Additionally, the protocols in Herbal Antivirals include information on herbs to use to help reduce the inflammatory cytokine storms that are so deadly in those who are infected with severe respiratory infections such as SARS and influenza.
Knowledge Of Genetics Is Not Racist
Finally, it may be there are other genetic risk factors that make some groups more susceptible to harm from COVID-19 than others.
The notion that certain population groups may have genetic risk factors for disease is not a new idea, and there is a lot of science showing it is possible.
Northern Chinese, Italians, and Hispanics share a high rate of MTHFR gene variants and
this may make them more susceptible to certain diseases than groups that seldom have those variants.
Northern Europeans have higher rates of HLA immune system gene variants that appear to be connected to susceptibility to certain triggers initiating auto-immune conditions, for instance Pandemrix H1N1 flu vaccine and its link to narcolepsy and cataplexy.
Quote from Narcolepsy Associated with Pandemrix Vaccine:
After the Pandemrix vaccination campaign in 2009-2010, the risk of narcolepsy was increased 5- to 14-fold in children and adolescents and 2- to 7-fold in adults.

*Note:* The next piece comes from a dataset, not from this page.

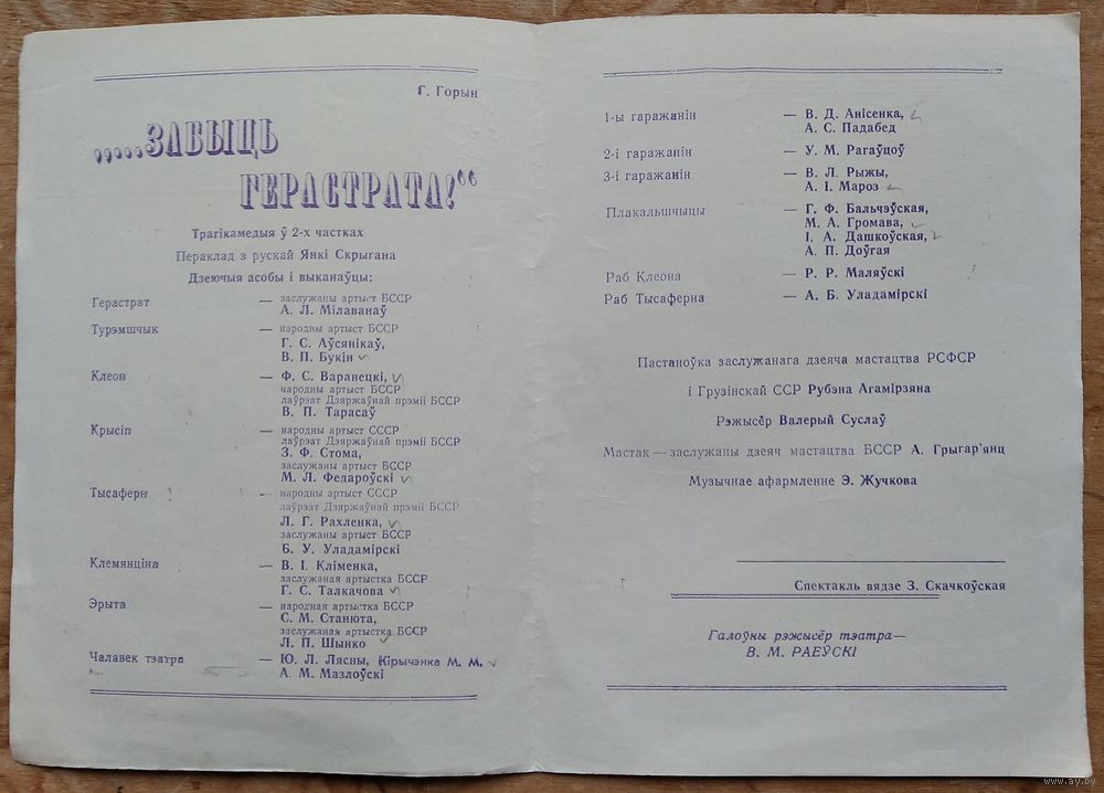 Праграма спектаклю "Забыць Герастрата". Акадэмiчны тэатр iмя Янкі Купалы. 1972 г

All Pandemrix-associated narcolepsy cases have been positive for HLA class II DQB1*06:02 and novel predisposing genetic factors directly linking to the immune system have been identified.
It is not racist to point any of this out.
For gene variants such as these to have persisted and spread in these populations, it is likely they convey some advantages and not just disadvantages. Gene variants that may be troublesome in some situations may increase survival in specific kinds of environments or against specific pathogens. As an example, consider sickle-cell anemia that protects against malaria.
It would be better for all us to know what these factors are, which ones we have ourselves, and to apply such knowledge to benefit everybody regardless of race than to pretend all people are the same when in fact they are not.
Takano’s office should correct its disinformation and update the public with the sort of practicable accurate information mentioned above that could provide means to protect all of us, Asians included, from infection and death by COVID-19.